Just a series of old-unix-guy tricks that I half-remembered from the last time that I had to do it. The result is still bitchin though. My log files have the variable with the bad value on one line, and the value in question on the next line - d'oh! The variable names all have the same prefix, so I realized that I could grep or sed for that. Then all I had to do was find a way to grab the next line and do stuff with it to pull out the bad value in question. To make a single line printout with the time, date, variable name, and value, my command line turned out to be:

sed -n '/PREFIX/{N;s/\n//;p}' 20121022_123632.msg | awk '{print $2 "\t" $3 "\t" $8 "\t" $NF}' > output_file.txt

Update: I have since continued to work this problem, and have come up with another solution involving only awk. The reason was that I wanted to use my command line with a recursive find such that I could run this command line on each file found, depositing the results for each found file back into a new file in the same directory as each found file with the same name as the found file but with a new suffix. I could either use xargs or use the -exec feature of find to run the command line on the results. What several hours of trying taught me was that piping things between sed and awk wasn't possible to do under either find -exe or xargs. Eventually, I found a way to do all the line manipulation in awk with a single command line without piping and then use it with find -exec which has a much nicer argument expansion capability than xargs. Here's the final result:

find . -name "KEYWORD*.log" -execdir awk '/PREFIX/{printf $2"\t"$3"\t"$8"\t">>"{}.ALARMS";getline;print $NF>>"{}.ALARMS"}' {} \;

The key features here are: 1) regex for matching just like sed, 2) the use of printf to print the result from the first line without a carriage return so that the next thing printed (from the next line) would be printed with the result from the first line, 3) the use of getline to just freaking get the next line, and do a print tailored just to that line, 4) the use of >> for each print statement for the filename (and the fliename *has* to be in quotes, but hahaha find -exec graciously expands the {} to form the filename with the new suffix right in the awk script, as well as sending the filename to awk as the final argument). 5) -execdir instead of -exec which causes the command to be run in the directory where the file was found (and thus the result to be deposited in the same directory)

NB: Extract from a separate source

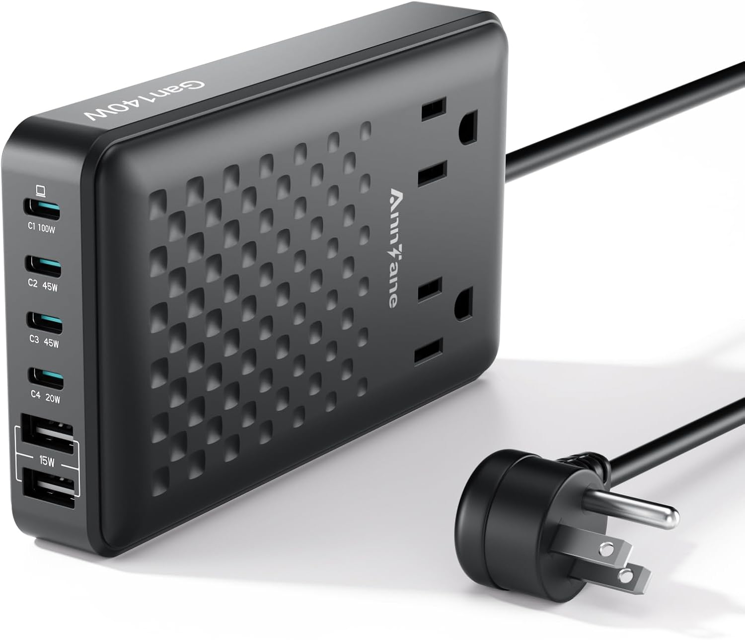 - 【8 in 1 Charging Station】This usb c charger with 4 USB-C ports (1 x 65W, 2 x 45W, 1 x 20W), 2 USB-A ports (2 x 15W) and 2 AC power outlets(65W). It is charging station for multiple devices that can power up to 8 devices at the same time.

The Conclusion: After coming up with that bitchin find command and thoroughly testing it on my own system using Cygwin, it bombed when I ran it on the server. That one may be running BSD or something (although I'm not sure since a man for awk on that system returns the page for gawk). The failure that I got was a syntax error on the expanded result. For some reason, even though I fed the following into my -execdir in find,:

awk '/PREFIX/{printf $2"\t"$3"\t"$8"\t">>"{}.ALARMS";getline;print $NF>>"{}.ALARMS"}' {}

The syntax error that I got back would show an extra ./ prepended to the expanded command line being fed to awk:

awk: syntax error in: './/PREFIX/{printf $2"\t"$3"\t"$8"\t">>"input_file.ALARMS";getline;print $NF>>"input_file.ALARMS"}'

The expanded filenames were always correct, and I tried escaping a bunch of stuff to no avail. In the end, getting rid of the expansions for the output file and just using a generic hard-coded output file name mysteriously fixed the problem, and worked out better in the end. So, in the end, I had to go with this:

find . -name "KEYWORD*.log" -execdir awk '/PREFIX/{printf $2"\t"$3"\t"$8"\t">>"ALARMS.txt";getline;print $NF>>"ALARMS.txt"}' {} \;